Orzeczenie Trybunału to przyzwolenie na tortury kobiet – ich trwałe cierpienie fizyczne, psychiczne i emocjonalne. To sprowadzenie kobiet do roli inkubatorów, pozbawionych prawa do decydowania o sobie, odarcie ich z przyrodzonej i niezbywalnej godności.
Rażąca dyskryminacja kobiet ukonstytuowana wyrokiem „Trybunału Konstytucyjnego” z 22 października to odebranie kobietom praw i wolności, godności oraz podmiotowości.

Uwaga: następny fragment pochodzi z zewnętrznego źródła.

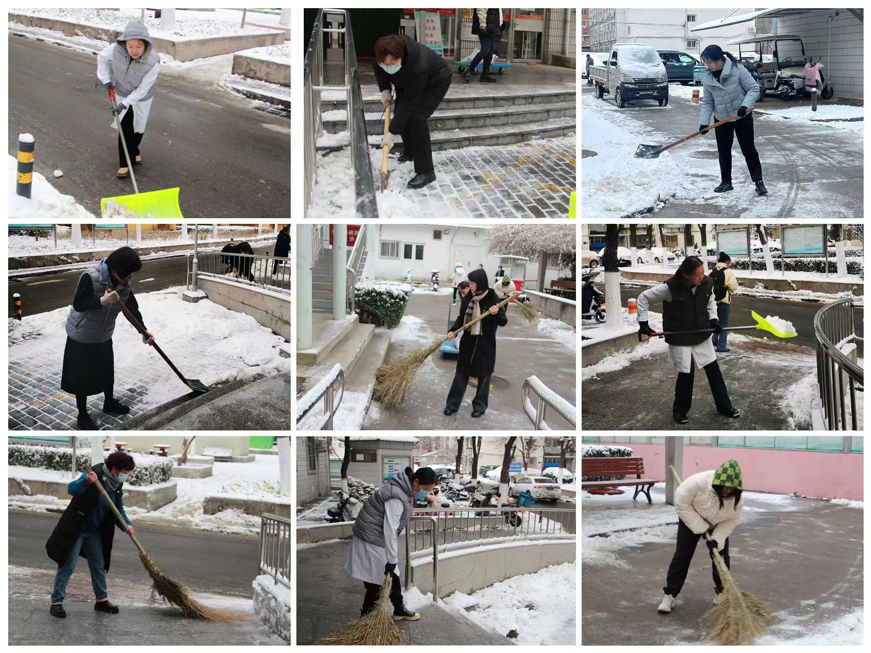 党员们拿起铁锹和扫帚,不畏寒冷,脚踩湿滑的路面,从医院大门前到急诊再到医院发热门诊最后到行政楼前,你铲我扫相互配合,干劲十足,很快就把医院主要出入口和道路清扫干净,看着大家齐心协力开辟的“安全就医通道”,大家脸上洋溢着开心的笑容。
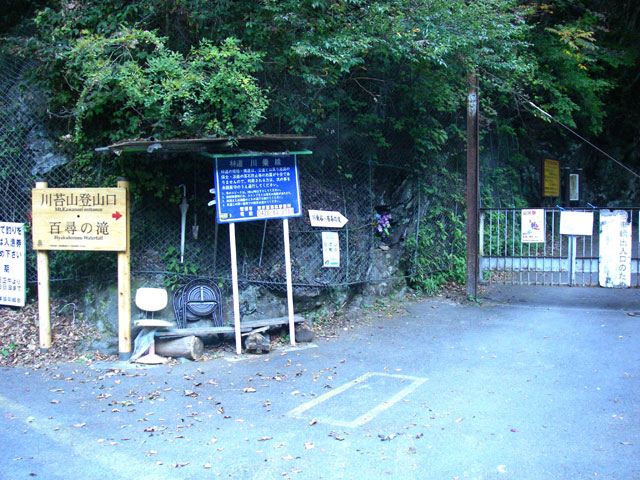 JR奥多摩駅前から西東京バスの「東日原行き」か「鍾乳洞行き」(日曜のみ)に乗り、15分ほどの川乗橋バス停で降りる。バス道の横を流れる日原川に注ぎ込んでいるのが川乗谷だ。林道入り口にある鉄柵のすき間から林道へ入り、身支度を調えて歩き始めよう。川乗谷が深くえぐった渓谷を右下に見ながら歩くと、ほどなく左の斜面に蕎麦粒山への登山道入り口がある。さらに林道を30分ほど歩いた標高570m付近のカーブミラーのところには、沢登りの人気コース逆川(さかさがわ)入渓点への下降口があ
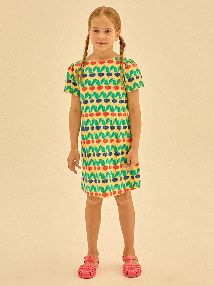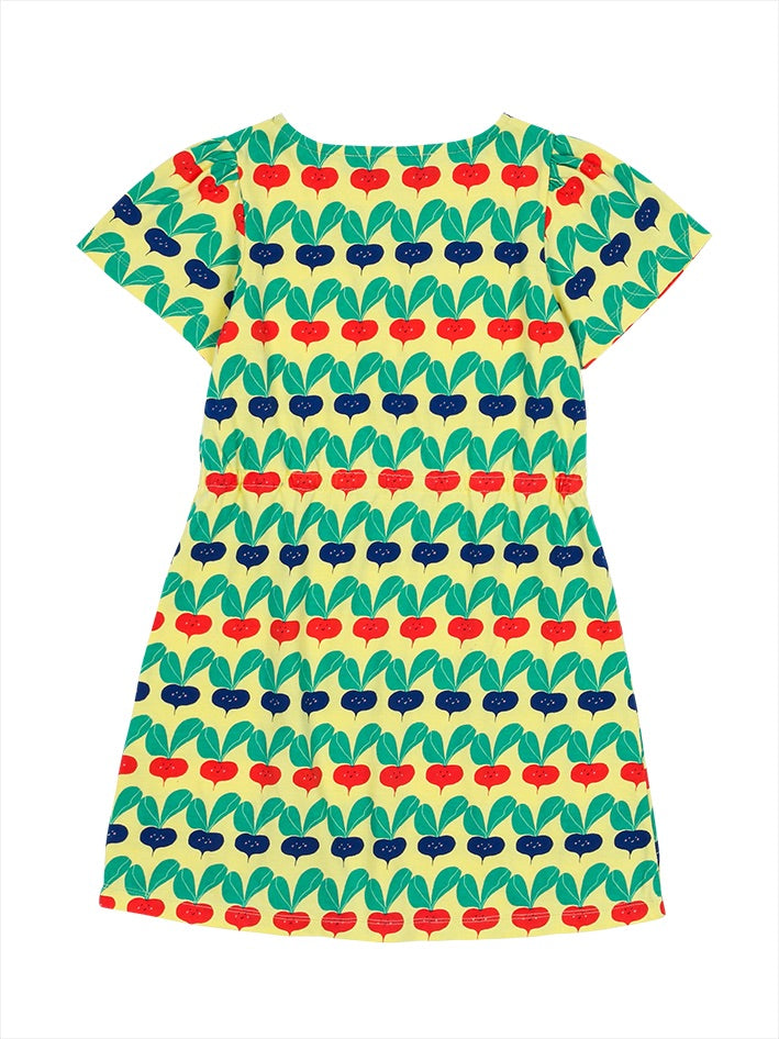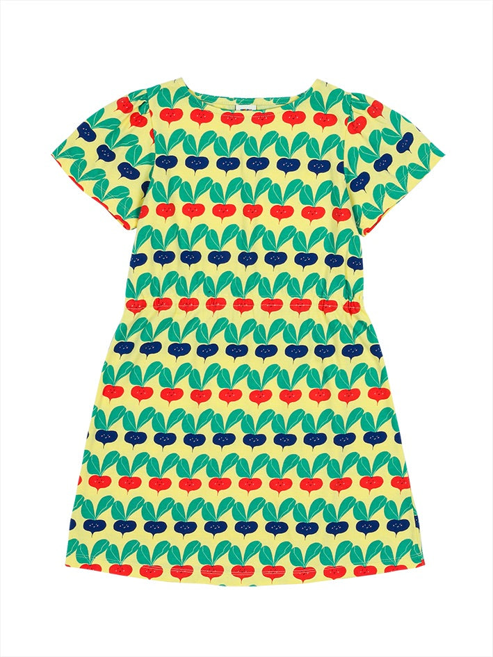 Short sleeve Dress in Yellow with Radish print by Jelly Mallow. Elasticated waist. Button opening below the neck. 100% cotton | made in China
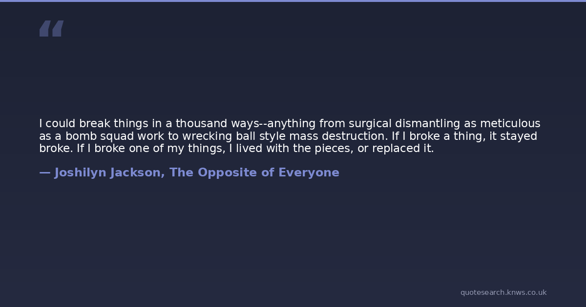 I could break things in a thousand ways--anything from surgical dismantling as meticulous as a bomb squad work to wrecking ball style mass destruction. If I broke a thing, it stayed broke. If I broke one of my things, I lived with the pieces, or replaced it.
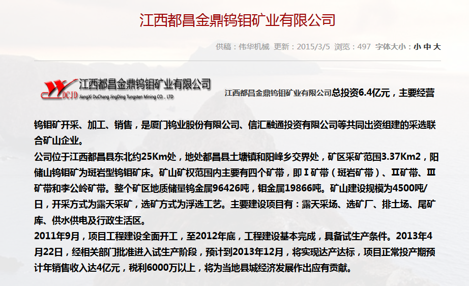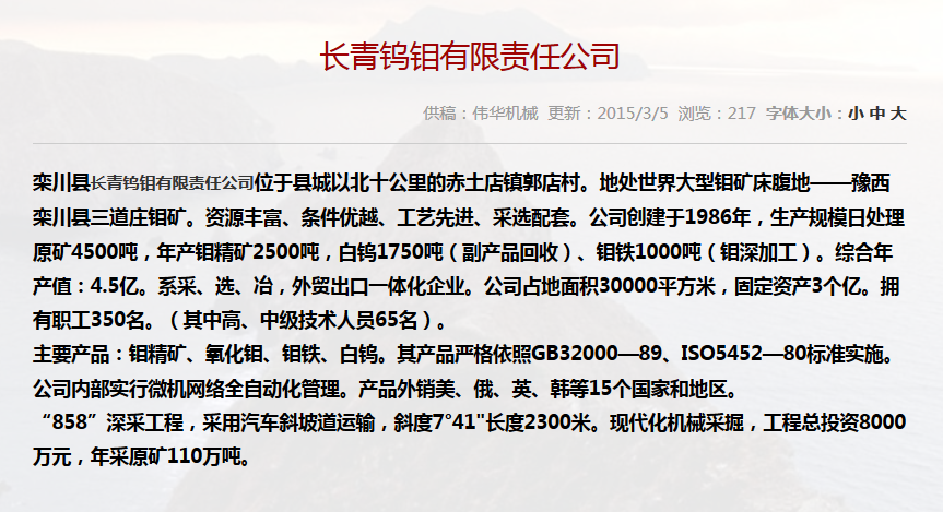 合作單位:江西都昌金鼎鎢鉬礦業(yè)有限公司偉華機械 榮譽證書

Nie godzimy się na to.
Wzywamy samorządy lokalne i regionalne w całej Polsce, aby wsparły nasz apel!
Pomysłodawcą apelu jest między innymi Jolanta Niezgodzka z klubu radnych Nowoczesna.
- Cała kadencja tego rządu to jest zastraszanie kobiet: próba zaostrzenia ustawy antyaborcyjnej, przywrócenie recepty na pigułkę "dzień po", koniec finansowania programu In vitro, walka z edukacją seksualną - wyliczała radna.
Przeciwny apelowi był klub PiS:
- Trzeba pamiętać, że konstytucja jest najważniejsza. Apelujemy o pilnowaniu nastrojów i nie podgrzewaniu atmosfery, bo protesty mogą się wymknąć spod kontroli - mówi Przewodniczący Michał Kurczewski. Za przyjęciem apelu głosowało 26 radnych, 9 było przeciwko.